When Ratan Tata announced his group’s takeover of Corus of the UK on Wednesday, he could not resist waving the flag for Indian business.

“I think it’s a moment of great fulfilment for all of us in India because Tata Steel as an Indian steel company now has global scale,” said the Tata Group chairman.

The deal marks a career peak for an Indian businessman who has staked the future of India’s second largest conglomerate on a strategy heavily dependent on overseas acquisitions.

Mr Tata, 70, who took the top job in 1991, when India started to liberalise its economy, has turned many of Tata’s once stodgy companies into lean operations that boast some of the world’s highest margins.

About three years ago, he urged managers to start thinking globally.
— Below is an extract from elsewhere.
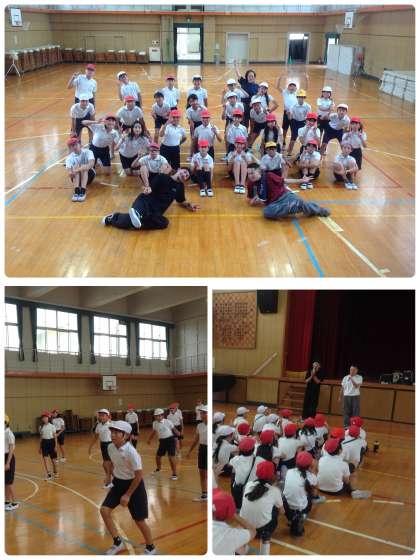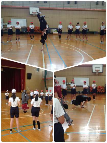 外部講師として、有名アーティストのバックダンサーも務めた経験のあるプロのブレイクダンサーKAKUさんとワンさんを招き、トップアスリートの演技の凄さやダンスの楽しさを味わいました。
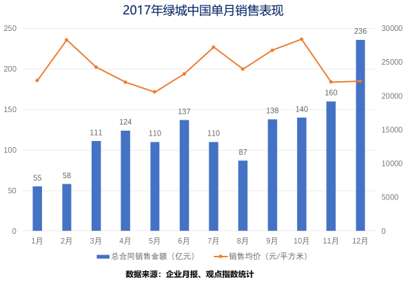 從2017年綠城每月的銷售情況也可看出,自3月份全國一二線的限購限價政策推出之后,綠城銷售金額基本都突破百億,銷售均價也隨之下降,說明綠城正在努力處理三四線的庫存。

This followed the success of the group’s first big overseas transaction – Tata Tea’s acquisition of Tetley Tea, the UK icon, in 2000.

Since then, he has turned Bombay House, the stately headquarters of Tata Sons, the parent, in Mumbai’s old business district, into a “mini internal investment bank”, as one banker. put it.

Tata Sons has a mergers and acquisition team that helps group companies evaluate overseas opportunities and to garner financing.

Some had doubted the media-shy Mr Tata, who still occasionally flies the company jet, had the stomach for the sort of bruising auction mandated by the UK Takeover Panel.

But bankers said he was determined to win, convinced the deal would transform the group.

Whether this conviction stemmed partly from a sense of hubris on the part of Mr Tata, who studied architecture at Cornell University and management at Harvard, will take time for the rest of the world to judge.

But in the eyes of an India increasingly euphoric about its rising place in the world, Mr Tata will be regarded as a corporate hero who had taken over what had been a symbol of the industrial might of the country’s one-time colonial power.